T. Ah, no está mal. Es bastante convincente lo que dices; aunque acaso lo sea sólo por
la discreta manera con que lo apuntas. Pero entonces, ale: esto parece que venía a
cuento de cómo concebir la operación de la Gramática.
L. Ya se ve que el amigo Rueda va a meter el sistema o aparato de la lengua en el
mismo sitio que el teclado de la máquina de escribir o del piano. ¿No?
R. Sí. Pero.
L. ¿Qué pero?
R. Que es que —es verdad— el aprendizaje de otros sistemas de signos, como el de la
máquina de escribir o el de los símbolos y reglas de algún cálculo o mismo el de una
escritura, ideográfica o alfabética, se parecen en eso que decimos al caso del aprendizaje
de la lengua; pero puede que no sea sólo que se parezcan, sino que estén fundados todos
precisamente en él. Y por cierto, al menos si nos fijamos en la consideración, como
dicen los sabios, ontogenética de la cuestión, parece difícil rehusarse a la evidencia de
que en un niño el aprendizaje de la lengua es el primer caso de esa operación de paso
del saber cosciente al subcosciente técnico; y ya ves tú que entonces...
T. ¿Es tan cierto y seguro que haya de ser de veras el primero?
R. ¿Qué otra salida se te ocurre?
T. Estaba pensando que ya los otros ejemplos que dabas de pasada con aparatos no
precisamente simbólicos, los del baile y los istrumentos musicales, y más en general los
del aprendizaje del manejo de cualquier clase de herramienta o técnica que requiera
aprendizaje (aquí me temo que tengamos una renovación de la contienda de prioridad
entre el homo sapiens y el homo faber), pues, en fin, que de algún modo se podría decir
que siguen ese proceso, de paso de la atención —digamos— cosciente a la desatención,
y así podrían servir de precedente y modelo para lo de la lengua; pues lo que parece
claro es que algunos aprendizajes de ésos son anteriores: por lo menos, en los niños, la
técnica de andar (si, dada la torpeza costitutiva de la especie y aquello de que haya
habido niños cimarrones que no han aprendido a andar, me consientes llamarla técnica)
y la del manejo de cucharas y juguetes más o menos complicados. Y si pasamos, como
es de rigor, a los cuadrumanos, manera con que los chimpancés del señor Kohler, por
ejemplo, aprendían a ensamblar y hacer uso de pértigas articuladas...

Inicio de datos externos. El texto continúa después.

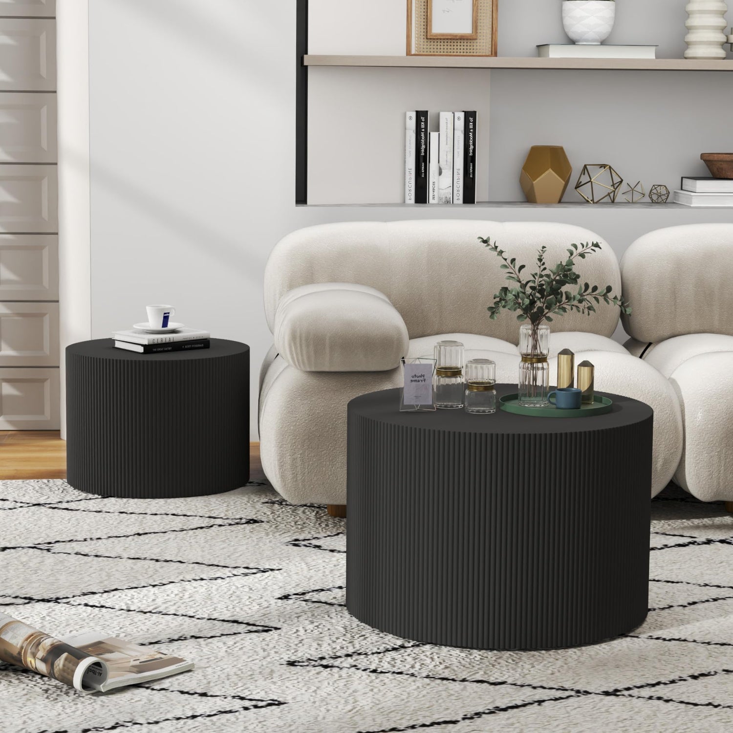 Furnivado Black Round Coffee Table Set of 2, Modern Wooden Nesting Coffee Tables for Living Room, No Assembly Required Circle Side Tables Set Accent End Table for Bedroom, Balcony
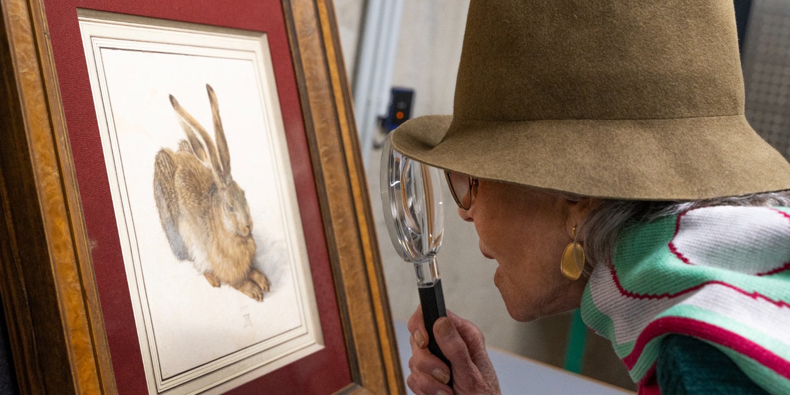 „Das Bild ist sicher im Tiefspeicher verwahrt und kann aufgrund seiner Lichtempfindlichkeit leider nicht permanent gezeigt werden. Der Hase ist sozusagen unser Wappentier, das wir hegen und pflegen, damit es auch künftigen Generationen erhalten bleibt. Zuletzt wurde Dürers Feldhase vor fünf Jahren ausgestellt“, so Direktor Schröder.
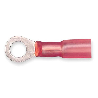 The 3M Scotchlok red brazed ring terminal is sold 125 per case and is another quality product from 3M. The overall length measures 1 in.
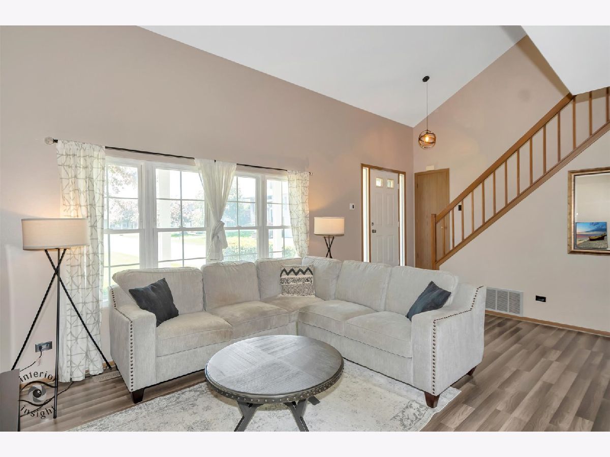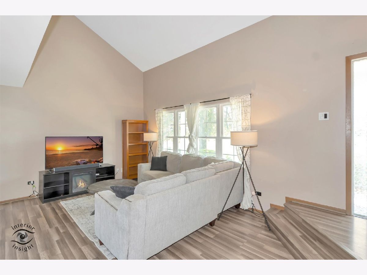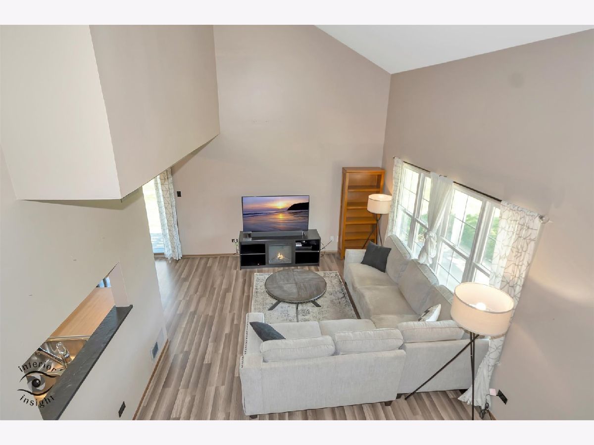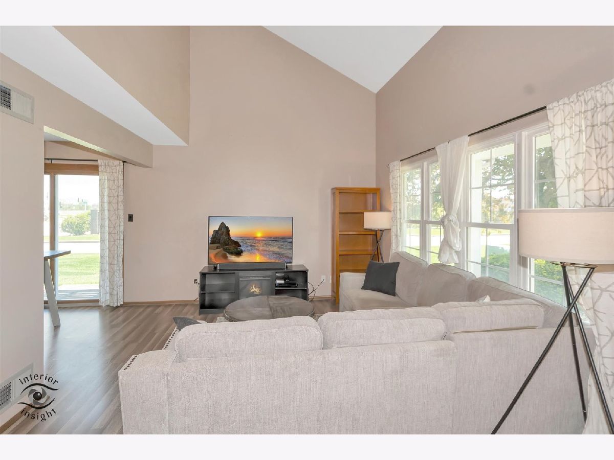 Stylish End-Unit Townhome in Prime Location! Welcome to this beautifully maintained end-unit townhome that perfectly combines comfort, style, and convenience. Step inside to an inviting open floor plan featuring a dramatic living room with vaulted ceilings and a stunning wall of windows, flooding the space with natural light. The kitchen comes fully equipped with appliances and flows effortlessly into the dining area, where sliding glass doors open to your own private deck-perfect for morning coffee or evening relaxation. The spacious master bedroom includes a generous walk-in closet, while the second bedroom offers its own private balcony, making it a serene retreat. With 1.5 bathrooms and first-floor laundry, everyday living is both easy and efficient. An attached one-car garage adds convenience and extra storage for bikes, seasonal gear, or outdoor equipment. Located near shopping, restaurants, entertainment, expressways, walking paths, and the local Park District, this home offers an unbeatable lifestyle. Whether you're a first-time buyer, downsizing, or looking for a smart investment (owners can rent!), this townhome checks all the boxes. Don't miss your chance to call it home!

L. Anda, y no quieras saber si traemos a colación otros monos más modernos y
progresados, como los de los Sres. Gardner o a Sara la del Sr. Premack: que yo creo
que, atendiendo por un lado a sus notables logros en cuanto al uso de sistemas de
señales (¿no decían que Sara manejaba ya hasta el signo de la negación?) y por otro lado
a la previa capacidad para el aprendizaje de procesos técnicos que caracteriza a nuestros
peludos primos, no va a poderse menos de considerar que, en efecto, el procedimiento
de relegación al subcosciente del sistema de la lengua tiene precedentes y modelos.
R. Bueno, no nos metamos ahora, si os parece, en la cuestión de los posibles
precedentes, ni mucho menos recaigamos en las románticas especulaciones sobre la
definición del Hombre; que lo que es a mí, ya sabéis qué rábanos me importa que la
definición del Usuario de Signos coincida o no con la piel rasa o la posición bípeda.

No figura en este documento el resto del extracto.